Hi @michael-sutherland, is there a reason you don't want to use the dask.array.to_zarr() function?

I imagine there might be some cases where it makes sense, and this example could have lost that context when it was simplified to make debugging easier.

GenevieveBuckley commented 2 years ago

I poked around with this a little, and there seem to be two places where things go wrong: one in dask, and one in zarr.

  1. In dask/array/core.py, in the astype method of the Array class

This line: https://github.com/dask/dask/blob/cfaf931072ae079313761d4d61e25956029abf6c/dask/array/core.py#L2237

If it were changed to this, I think we'd fix the dask part of the problem:

extra = set(kwargs) - {"casting", "copy", "order"}
  1. In zarr, zarr/core.py(2189)_encode_chunk() There is an ensure_ndarray function, which checks to see if the chunk can be written properly (this check happens with numcodecs). But, because chunk here is a chunk of the dask array instead of a numpy array, the numcodecs library chokes on it. What it sees in the buffer is not a numpy array but instead something different, and so it throws an error.
> /Users/genevieb/mambaforge/envs/dask-dev/lib/python3.9/site-packages/zarr/core.py(2189)_encode_chunk()
   2187
   2188         # check object encoding
-> 2189         if ensure_ndarray(chunk).dtype == object:
   2190             raise RuntimeError('cannot write object array without object codec')

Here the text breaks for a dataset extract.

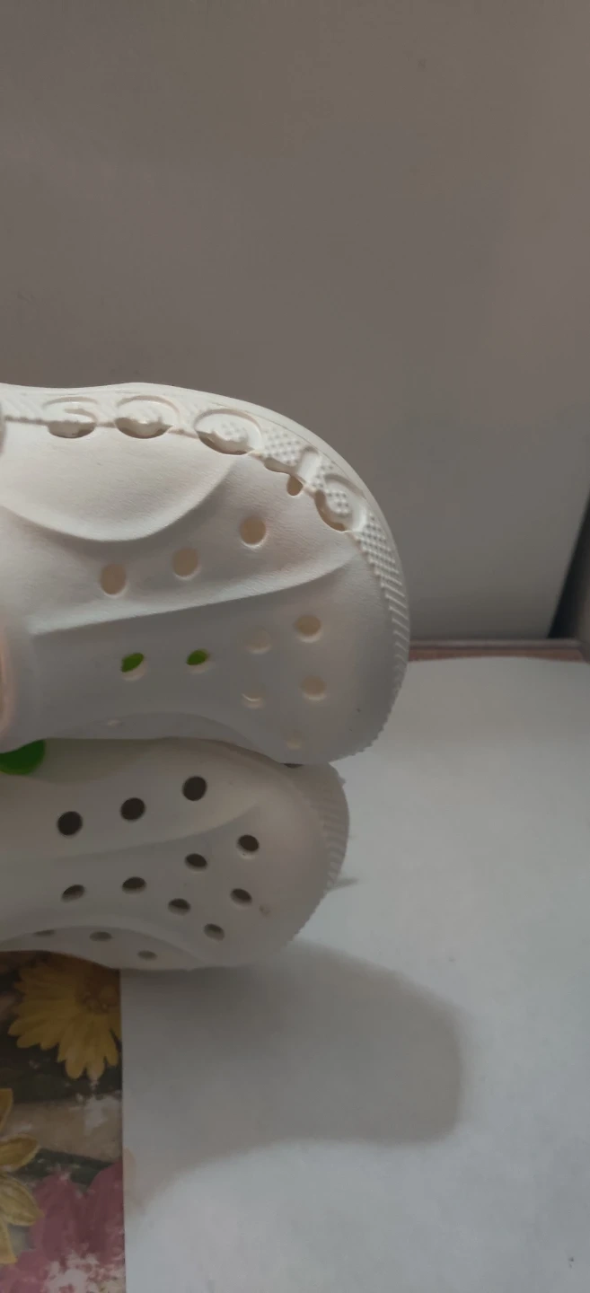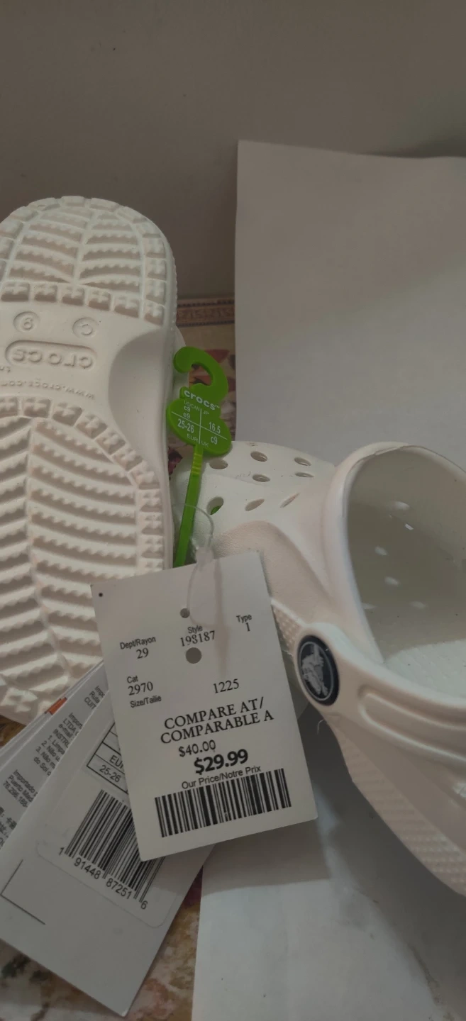 These are white Crocs in kids size 9. They're made of Croslite material and have the classic Crocs design. Great for casual wear!

Zarr could potentially work around this second issue by trying to .compute() the dask chunk in ensure_ndarray, before passing it along. But then there's some question about whether that's actually a sensible thing to do or not. Things would probably also become uglier in the zarr code, if now zarr needs to check what type of array it is handling, especially since numpy and dask are not the only two options for array types.

Josh says above that typically it is expected dask will wrap zarr, and not the other way around. Making changes to (2) above would be a bit in conflict with that expectation.

vietnguyengit commented 2 years ago

Hi guys, Google brings me here, I recently face the same error as well and I used dask.array.to_zarr() method:

image image

GenevieveBuckley commented 2 years ago

On the dask side of things, I've opened an issue and PR:

As discussed above, this won't completely fix the problem here.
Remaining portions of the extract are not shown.